Paul Eggert Aug. 18, 2017, 3:29 p.m. UTC | #2
Thanks, I like the overall change too. One quibble:

> +  __libc_message (do_abort, "Fatal glibc error in malloc: %s\n", str);

This change to the message wording won't work well, as the user will see 
redundant text like "Fatal glibc error in malloc: malloc(): memory corruption 
(fast)". Also, the wording "glibc error" suggests that there must be a fault in 
glibc, whereas it's more likely that the fault is in the application. I suggest 
changing the above line to:

   __libc_message (do_abort, "%s\n", str);

This is simpler, and this way glibc will keep using the same wording that it's 
been using for a while.
  
Florian Weimer Aug. 30, 2017, 2:44 p.m.
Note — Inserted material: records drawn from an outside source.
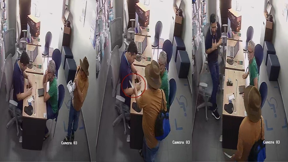 As imagens mostram Manuel Ferreira chegando ao local usando uma camisa alaranjada e um chapéu marrom. Ele joga uma pilha de papéis em cima da mesa onde Carlos André atendia outro cliente.
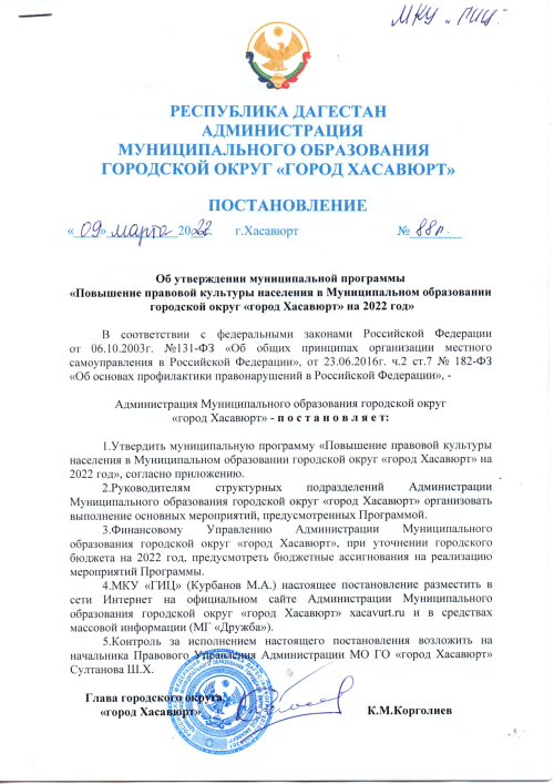 Постановление №88п 9 марта 2022 г. Об утверждении муниципальной программы "Повышение правовой культуры населения в Муниципальном образовании городской округ "город Хасавюрт"
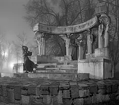 The most important, however, is Bistolfi's war memorial of 1928 (pictured left). A marble exedra with four caryatids in the form of winged victories is raised on a dias fronted with steps. The bronze sculpture Il Fante Crociato, a foot soldier in crusader-period costume, takes centre stage; a second bronze a lightly robed Primavera Italica (Italic Spring) steps down from the platform and out of the ensemble.
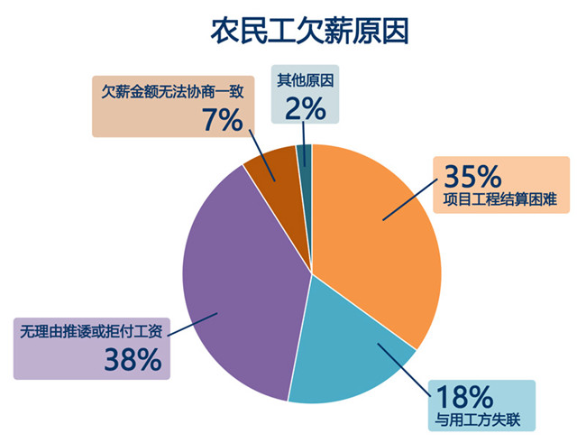 在群眾留言中,農(nóng)民工欠薪的情況大部分為薪資未全額支付,這類(lèi)占留言總數(shù)的約82%;無(wú)勞動(dòng)合同、反復(fù)追討無(wú)果以及拖欠生活費(fèi)的情況也有發(fā)生。項(xiàng)目工程結(jié)算困難、用工方推諉則是導(dǎo)致欠薪的主要原因。
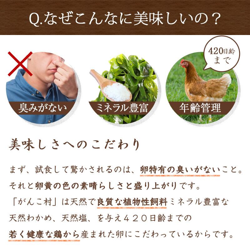保存方法:冷蔵庫(10℃以下)で保存してください。生食の場合は賞味期限内に使用し、賞味期限経過後および、殻にヒビが入った卵は、なるべく早めに、充分に加熱調理してお召し上がりください。

UTC | #3
I'm going to push this with the NEWS edit suggested by Carlos, and with
the error message change reverted, per Paul's recommendation.

I still think we need to adopt a more consistent formatting for
process-terminating error messages and document them in the manual, but
this change is not the place for this discussion.

Thanks,
Florian
  

Patch

malloc: Abort on heap corruption, without a backtrace [BZ #21754]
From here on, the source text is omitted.